Francesca is going to mass tomorrow with the restaurant lady, and probably many other people we’ve met. (The restaurant lady and the elderly aunt, go to market together on one of the infrequent buses that go to a much bigger town.) These moments of being included – tied into – a small group of local people, accepted temporarily, these moments are priceless to us.
Varenna, the larger town a 20 minute walk to the north, is scenic, and it has sights worth seeing, but it is filled with Germans and Dutch, and people even less savory, and the cultural noise of their density subdues any chance that they will have of meaningful interactions with local culture, which they in any case might fail to recognize or approve of. The locals try to stay polite, but understandably sometimes fail. It reminds me of our visit to Lake Lugano a few years ago, in an Italian Swiss region. These Swiss Italians were more formal than the Italian Italians to the south, but in a restaurant there the German Swiss seated near us were rude and dismissive of the Swiss Italians serving them.

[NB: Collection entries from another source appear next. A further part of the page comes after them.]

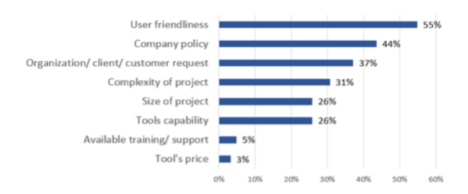
Figure 2: Reasons for using time planning tools

When it comes to the frequency of using time planning tools, 32% of the respondents use the tools at least once per month, while 27% of the respondents use the tools minimum once in a week. There can be several reasons for using the tools. According to Figure 2 the most important reasons are user-friendliness (25%), company policy (20%) and request from customer / client organization.
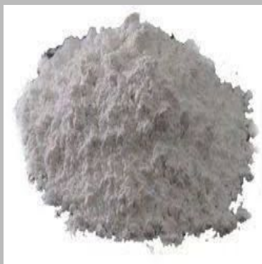
Concrete Grade Calcium Carbonate Powder
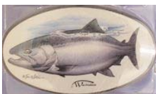
King Salmon 02073 (WP212C) 1 pk $21.99
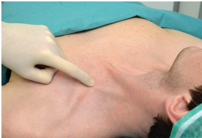
Fig 2: Area of anesthesia in a patient with proper position

and reach from little irregular boluses of midazolam or fentanyl, to a propofol mixture at 25–50 mcg/kg/min, to light broad anesthesia[18].
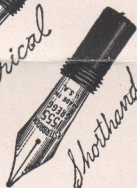
1555 Shorthand n. G.
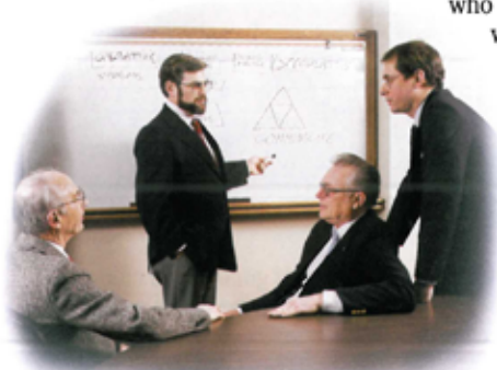
Masonic work can develop career and personal leadership skills in project and business management.

Two progressive paths from Blue Lodge offer unique ritual instruction. Many Masons advance through both; many are "Blue Lodge Masons" only. Other groups affiliated with these bodies are not shown.

I had to grit my teeth to avoid pushing the German Swiss into the lake.
Let’s end on a positive note. At dinner tonight there was a table of mostly Italians, and one dog. I patted the dog when they came in, but she was tentative, and the lady with the leash put the dog under the table for the duration. When they got up to leave my back was to them, but Francesca could see the dog stand up and look in our direction. Francesca beamed approvingly, and the dog moved closer and pushed her nose into my butt. The leash lady was initially concerned, but relaxed when the dog and I bid a fond adieu to each other, the dog leaning warmly into my arm, the hand of which was scratching her neck and ears. I guess that explains in part why I am prone to seek out canines in our beach walks at home in New Hampshire. We have no Italian style cohesive culture in America, but dogs come close at times. So, anyway, buona notte.